The ProcessingJob object representing the

baselining job.

Return type

sagemaker.processing.ProcessingJob

create_monitoring_schedule(endpoint_input, record_preprocessor_script=None, post_analytics_processor_script=None, output_s3_uri=None, constraints=None, statistics=None, monitor_schedule_name=None, schedule_cron_expression=None, enable_cloudwatch_metrics=True)

Creates a monitoring schedule to monitor an Amazon SageMaker Endpoint.

If constraints and statistics are provided, or if they are able to be retrieved from a previous baselining job associated with this monitor, those will be used. If constraints and statistics cannot be automatically retrieved, baseline_inputs will be required in order to kick off a baselining job.

Parameters
  • endpoint_input (str or sagemaker.model_monitor.EndpointInput) – The endpoint to monitor. This can either be the endpoint name or an EndpointInput.

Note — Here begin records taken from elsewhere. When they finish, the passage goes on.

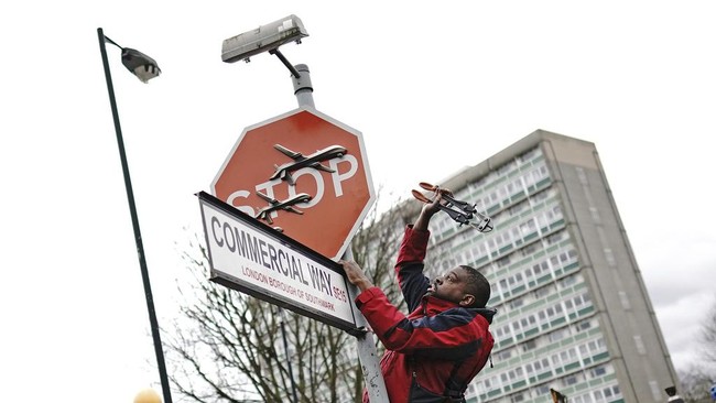 Seseorang mencuri karya seni Banksy, yang menunjukkan apa yang tampak seperti tiga drone di rambu berhenti lalu lintas, yang diresmikan di persimpangan Southampton Way dan Commercial Way di Peckham, London tenggara, Jumat 22 Desember 2023.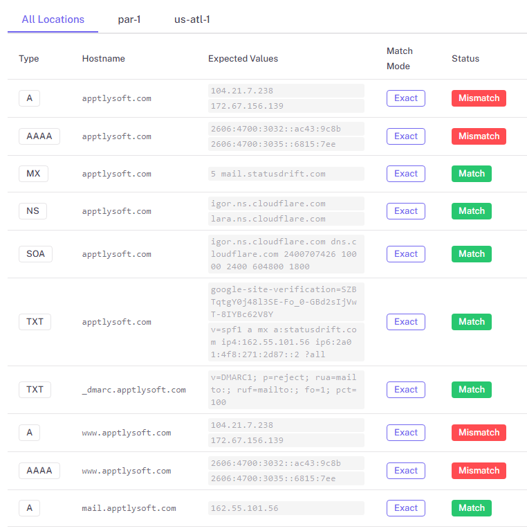 DNS problems are notoriously difficult to debug. A misconfigured record or unauthorized change can take down your entire service while your servers remain perfectly healthy. StatusDrift monitors your DNS records and alerts you to anomalies.
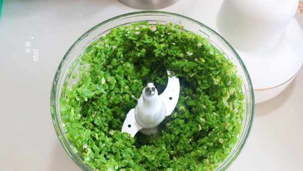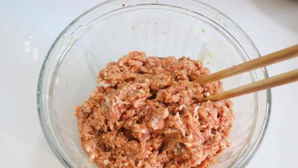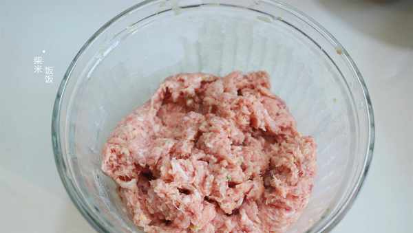 5,一斤左右肥瘦錯換的豬肉洗凈,切成小塊,放入料理機中,加入薑末和大蔥碎,再加入100克冰水或者涼水,一起絞成細膩黏稠的肉糜。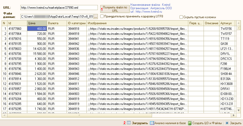 Внешняя обработка позволяет также анализировать наличие уже загруженной номенклатуры по базе 1с. Тем самым можно легко определить то, что уже загружено и то, что предстоит завести. P.S. Данная обработка больше не обновляется. Скачать внешнюю обработку |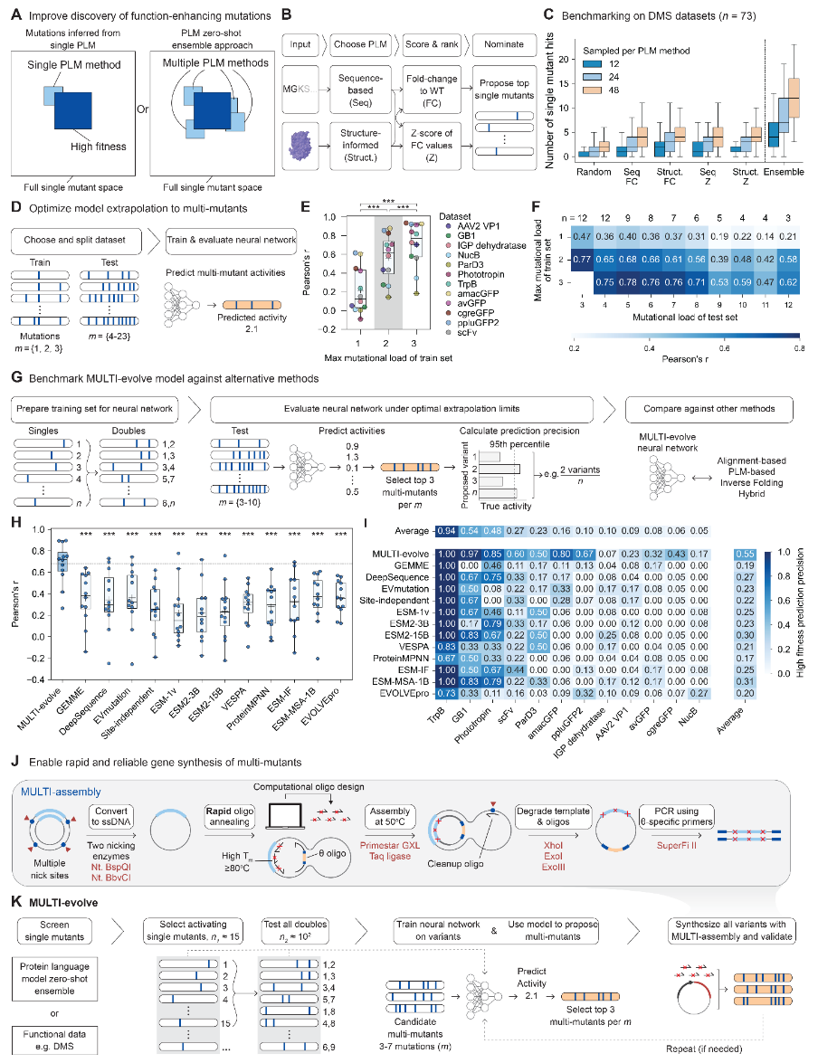 本文提出了一个机器学习引导的框架MULTI-evolve,它通过将进化性PLM先验知识与上位效应建模相结合以获取协同的高阶组合,从而克服了蛋白质工程中巨大搜索空间的挑战。在三种不同的蛋白质APEX、Cas13d和抗CD122抗体上,改造出了性能提升2倍到256倍的变体,展示了广泛的适用性和多目标优化能力。无论初始突变是通过PLM计算识别,还是通过功能筛选实验识别,其预测多突变体活性的能力都是稳健的。通过MULTI-assembly实现了一个端到端的平台,该平台对复杂多突变体实现了40%-70%的合成效率,避免了主观的诱变寡核苷酸设计,并消除了商业DNA合成的瓶颈。最后,开发了一个MULTI-evolve设计工具,用于训练模型、预测多突变体以及设计用于克隆的MULTI-assembly寡核苷酸。总之,该工作建立了一个用户友好的框架,可以针对任何目标蛋白质快速设计复杂的多突变体。

  • record_preprocessor_script (str) – The path to the record preprocessor script. This can be a local path or an S3 uri.

  • post_analytics_processor_script (str) – The path to the record post-analytics processor script. This can be a local path or an S3 uri.

  • output_s3_uri (str) – Desired S3 destination of the constraint_violations and statistics json files. Default: “s3://<default_session_bucket>/<job_name>/output”

  • constraints (sagemaker.model_monitor.Constraints or str) – If provided alongside statistics, these will be used for monitoring the endpoint. This can be a sagemaker.model_monitor.Constraints object or an s3_uri pointing to a constraints JSON file.

  • statistics (sagemaker.model_monitor.Statistic or str) – If provided alongside constraints, these will be used for monitoring the endpoint. This can be a sagemaker.model_monitor.Statistics object or an s3_uri pointing to a statistics JSON file.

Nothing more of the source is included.